• Глава 1. Астральный наезд
  • Глава 2. Сторож брату своему
  • Глава 3. Лекция
  • Глава 4. Смертельный прикол
  • Глава 5. Бомж и больной
  • Глава 6. Во тьме
  • Сентябрь

    Глава 1. Астральный наезд

    Шныга пришёл не один. С ним был пушистый, круглый как пончик, большеротый, сонноглазый баклуш по имени Бормотун. Но, что интересно, сей Бормотун молчал как рыба, лишь иногда выдавая перлы подобные этому: Мудрые учатся на чужих, умные и гордые на своих ошибках, дураки вообще не учатся, но зато учат других. При всём при том ехидно посмотрел на нас.

    — Слышь, кореш, — сурово сказал Вася. — Гагарин долетался, а Троцкий допизделся.

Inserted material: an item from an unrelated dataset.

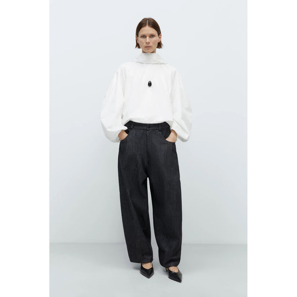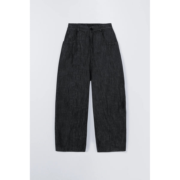 Structured everyday pant in black organic cotton denim. Features a loose, comfortable fit, a long curved leg shape, elasticated back waistband, and side + back pockets. Easy and relaxed.
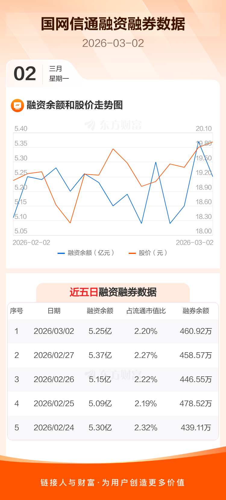 交易所最新数据显示,国网信通于2026年3月2日获融资买入4985.79万元,融资偿还6262.30万元,当日融资净偿还1276.51万元。目前,该股融资余额5.25亿,占流通市值比例为2.20%。

    — Зачем наезжать, Васа?

    — Это не наезд — это так юмор в коротких штанишках, — влез я, — Ну мы идём или болтологией заниматься будем?

    Шныга что-то сказал Бормотуну на баклушьем языке, больше напоминающим свист. Тот осклабился и, показав лапкой вверх, свистнул в ответ.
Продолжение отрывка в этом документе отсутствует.